The lingering piles of snow and ice have slowed deployment of Nice Ride's fleet of two-wheelers, but stations where riders can rent bicycles started appearing last week in downtown Minneapolis, Uptown and the University of Minnesota. By mid-May, all 1,500 ­bicycles will be in service, as will the 24 new stations being added to the urban network for the 2013 ­season, said Nice Ride executive director Bill Dossett.

Nice Ride is using more than $630,000 provided by the National Park Service to add stations at such popular recreation destinations as Lake Harriet, Lake Nokomis, ­Minnehaha Falls, Boom Island, Fort Snelling and Webber Park. Hennepin County is kicking in $90,000 to bring bikes to Hiawatha Avenue and Lake Street. Blue Cross and Blue Shield of Minnesota, the ­program's title sponsor since its inception three years ago, is contributing $360,000. A few stations will be added along University ­Avenue in St. Paul.

"Lots of people who bike downtown or in Uptown also want to bike to the parks," said Dossett. Tourists do, too, he said, noting that the lone station at a park (Lake Calhoun) is one of the network's most used.

Started as a radical concept in 2010, bike sharing quickly entered the American mainstream. ­Minneapolis along with Denver and Washington, D.C., were the first U.S. cities to pioneer programs in which riders pay a ­seasonal or daily fee to rent a bike for short trips. This year, Washington is expanding its booming Capital Bikeshare program, and such cities as Seattle, Los Angeles, New York, Chicago, Portland, Ore., Aspen, Colo., and Columbus, Ohio, are expanding or launching service.

Locally, Nice Ride has seen usage climb from 100,000 rides taken in 2010 to more than 275,000 last year.
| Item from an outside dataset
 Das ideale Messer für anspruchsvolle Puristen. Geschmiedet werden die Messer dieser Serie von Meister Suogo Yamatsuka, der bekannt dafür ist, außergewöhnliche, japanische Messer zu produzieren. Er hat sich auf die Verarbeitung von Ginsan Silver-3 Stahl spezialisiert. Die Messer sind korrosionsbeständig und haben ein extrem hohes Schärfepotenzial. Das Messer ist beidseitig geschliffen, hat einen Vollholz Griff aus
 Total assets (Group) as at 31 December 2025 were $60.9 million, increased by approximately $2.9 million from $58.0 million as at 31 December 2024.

Leisure riders and tourists accounted for a large portion of Nice Ride's business, but even professionals dressed in suits and skirts hopped on.
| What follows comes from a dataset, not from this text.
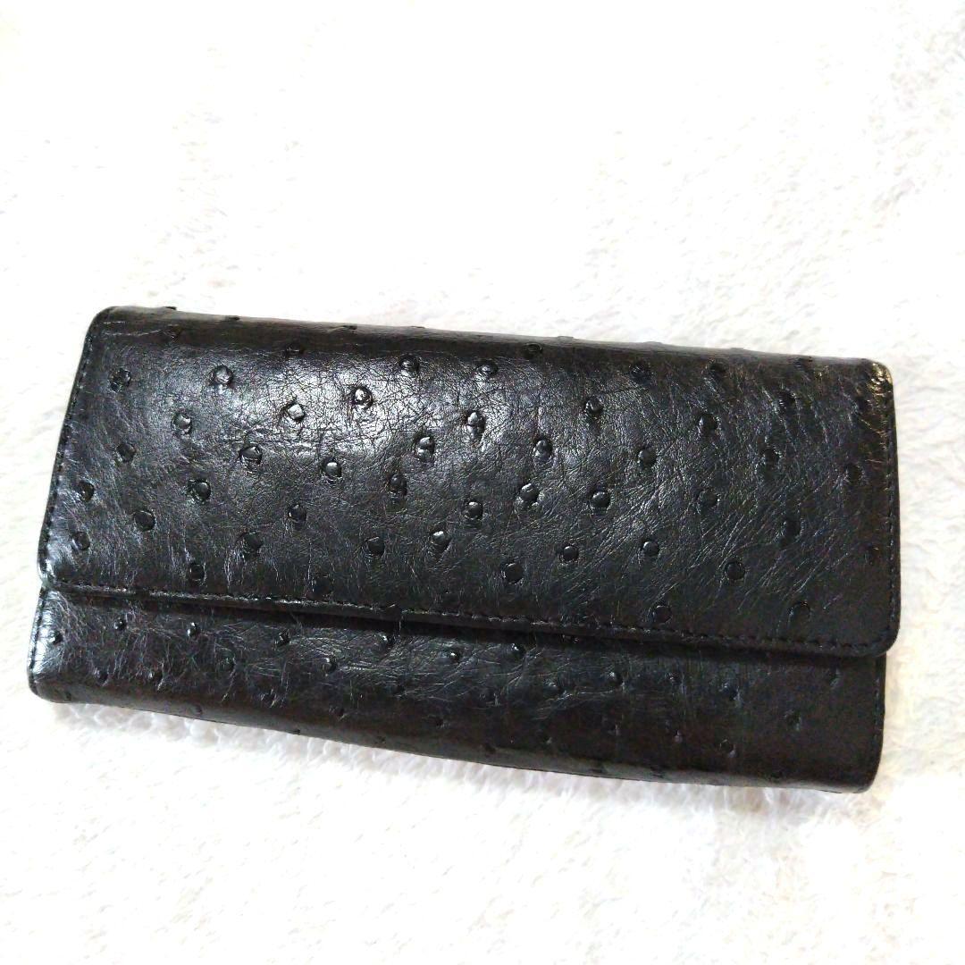 - オーストリッチ柄長財布 フラップ かぶせ 男女兼用 ロングウォレット 黒 メンズ レディース ブラック ホック 札入れ

"A basic goal of Nice Ride is that it introduced cycling as transportation as mainstream," said Dossett. "You didn't used to think of using a bike to go to a meeting. If you have a meeting a mile away, I can guarantee, you can get there faster on a bike than you can if you have to get your car out of a garage and put it in another [garage]. It's great for one thing and that is short trips."
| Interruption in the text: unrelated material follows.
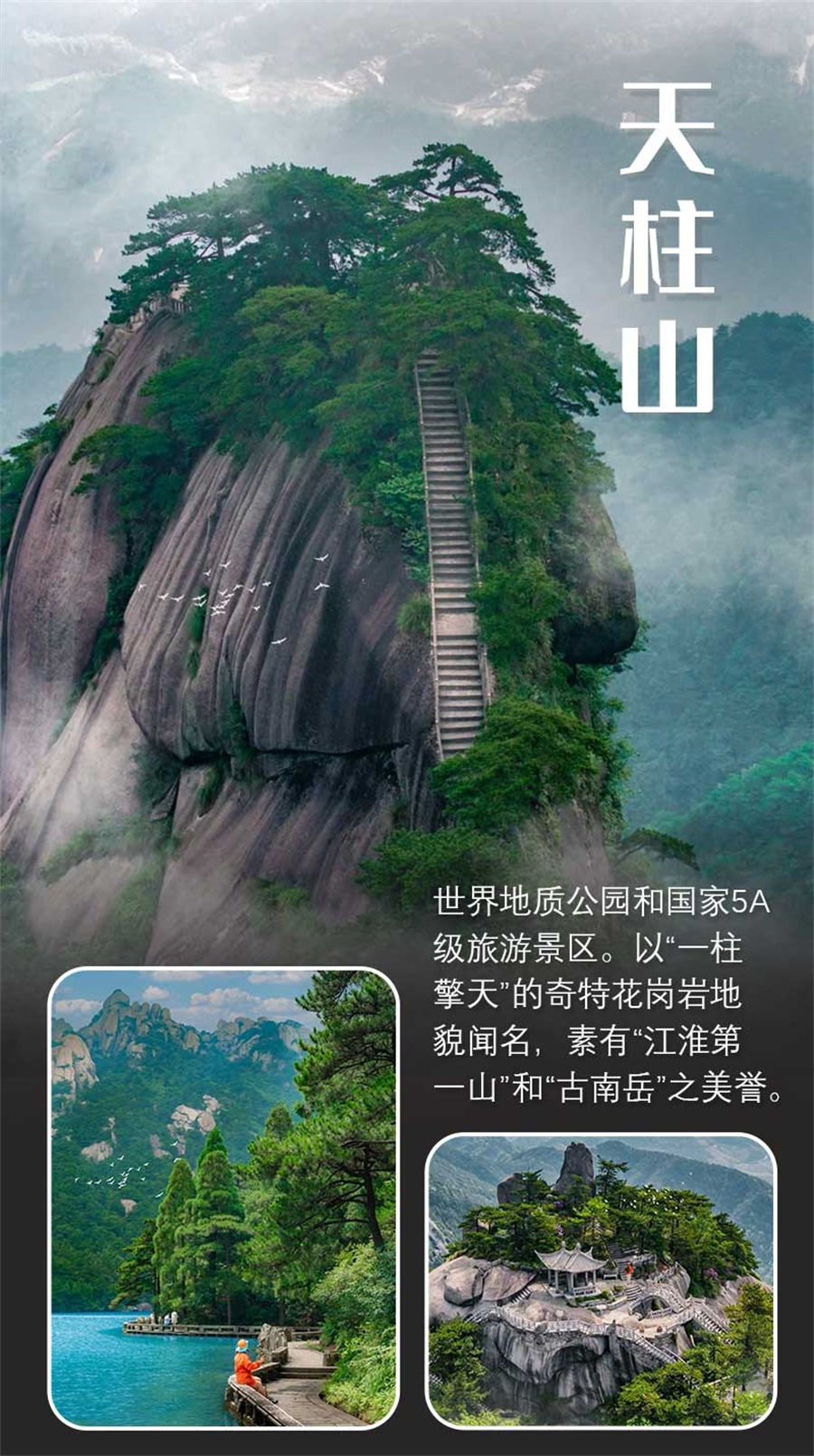 天柱山,如柱擎天,天柱山以郯庐断裂带上醉美花岗岩地貌闻名于世,尤以崩塌堆垒地貌,成为全国同类景观代表而赢得“天柱山型”花岗岩地貌的冠名美誉,自然风光雄奇灵秀,是文人墨客云集之地,如白居易、李白、王安石、苏轼、朱熹等都曾游历此地并留下赞美的诗篇。这是以花岗岩峰丛地貌为主的世界地质公园和国家5A级旅游景区,以“峰雄、石奇、洞幽、水秀”著称,拥有神秘谷、炼丹湖等景观,并留存有深厚的历史文化遗迹。

Riders can pay $6 for a daily pass, which allows unlimited rides within a 24-hour period, or $65 for a season pass. Bicycles can be checked out for 30-minute rides, or longer for an extra fee. But 98 percent of riders only go 2 to 3 miles per trip, which usually takes less than the allotted 30 minutes per trip, Dossett said.

Nice Ride has 3,500 season pass holders. Last year it also sold 54,000 daily memberships to cover most of the $1 million annual operating costs. Corporate sponsors and local businesses covered the rest.

The new stations bring the network's total to 170. But even as Nice Ride grows, don't look for stations to pop up in the suburbs.

"We want the broadest participation we can get," Dossett said. But "we know the people who use the system most are those who spend time downtown."